# Cannula sites



## SB2015 (Oct 17, 2019)

I think I was told to keep below the belly button when siting cannulas for my pump.
Recently I saw an image suggesting the belly button as the centre of a target board for positioning injection sites.

Does anyone go above belly button?  It would certainly increase available sites.


----------



## everydayupsanddowns (Oct 17, 2019)

I don’t use abdomen much (too much overuse in MDI) but when using sides I go right up under rib cage, so yes.


----------



## SB2015 (Oct 17, 2019)

everydayupsanddowns said:


> I don’t use abdomen much (too much overuse in MDI) but when using sides I go right up under rib cage, so yes.


Thanks Mike.  My lower abdomen is going to be very happy with the holiday it is about to have.


----------



## everydayupsanddowns (Oct 17, 2019)




----------



## Sally71 (Oct 17, 2019)

Yes we go above the belly button too, the only thing we were told not to do was put it anywhere vertically above or below the belly button, don't know why!  But all around the sides is fine


----------



## Pumper_Sue (Oct 17, 2019)

I start just below my rib cage work along to the middle then go down a row after I reach my belt line I then start again on the other side.
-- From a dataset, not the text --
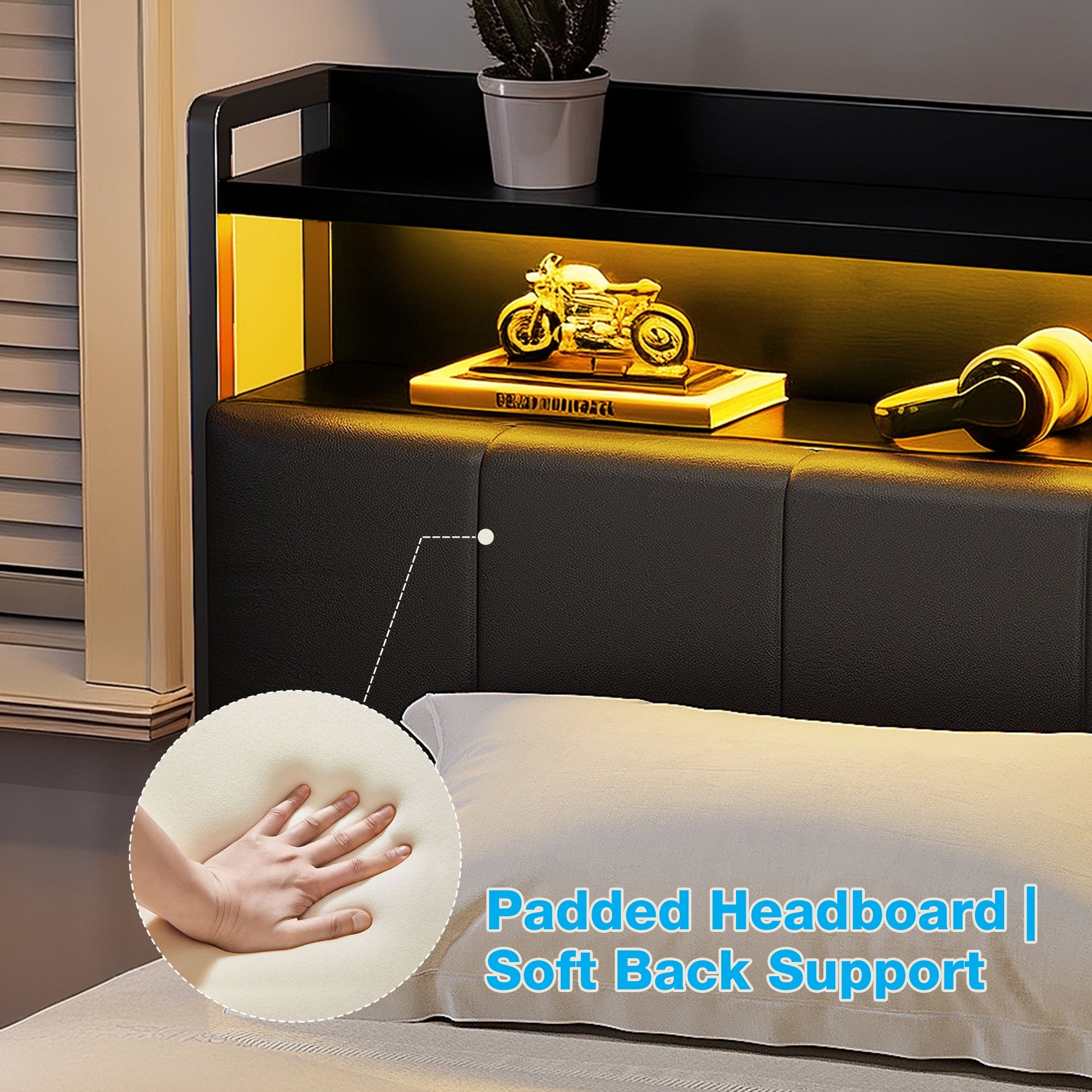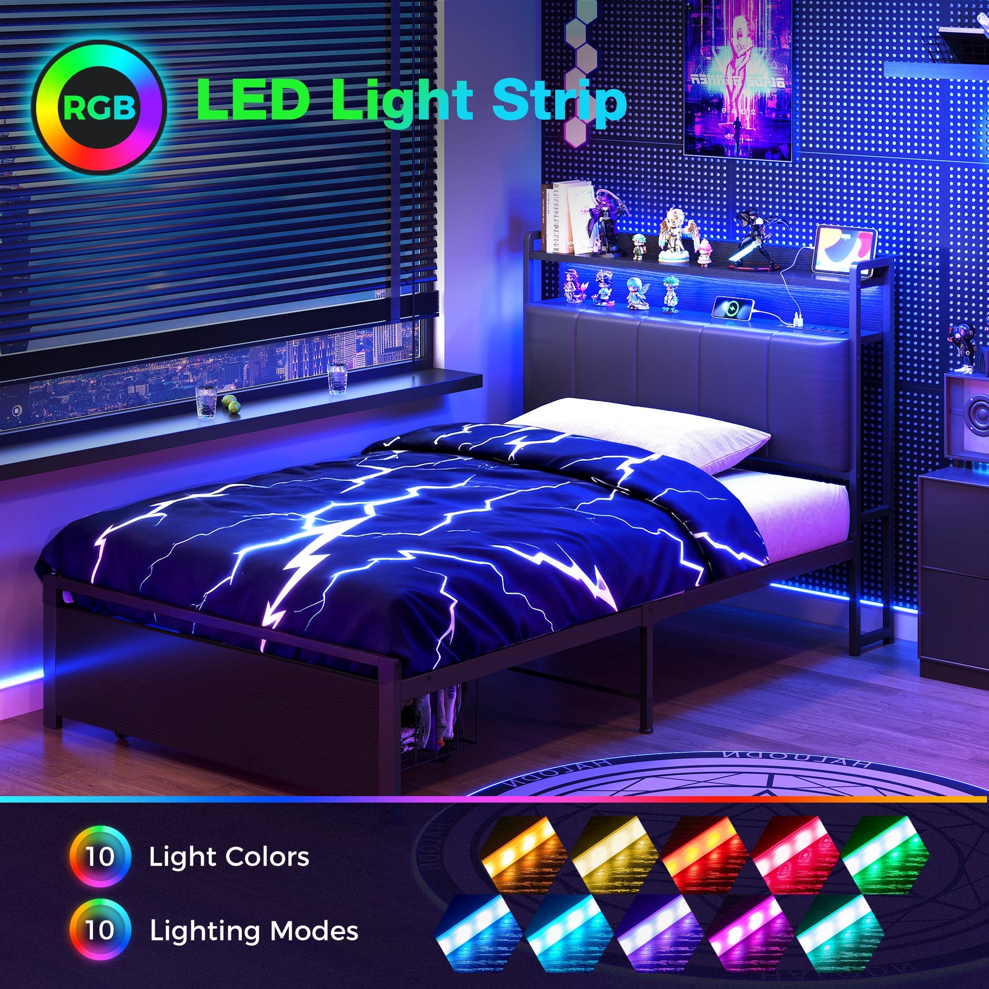 - Cozy Headboard & Adjustable Lighting: The padded tech fabric headboard offers superior comfort for reading or relaxing. The RGB LED light strip features 10 color options and 10 lighting modes, easily adjusted via remote to create your ideal nighttime ambiance.

I've never had a problem doing this.


----------



## SB2015 (Oct 17, 2019)

Thanks all
I suspect I had misunderstood what I was told and then never questioned it, and it is not a topic that frequently come up in conversation!!


----------



## declan88 (Oct 25, 2019)

On slightly different point i found cannuling around the spare tyre has ballooned weight.  I now a great fat ring around my waist and have gained 2 stone.  I dont my my diert has particularly changed although i am trying to eat less carbs.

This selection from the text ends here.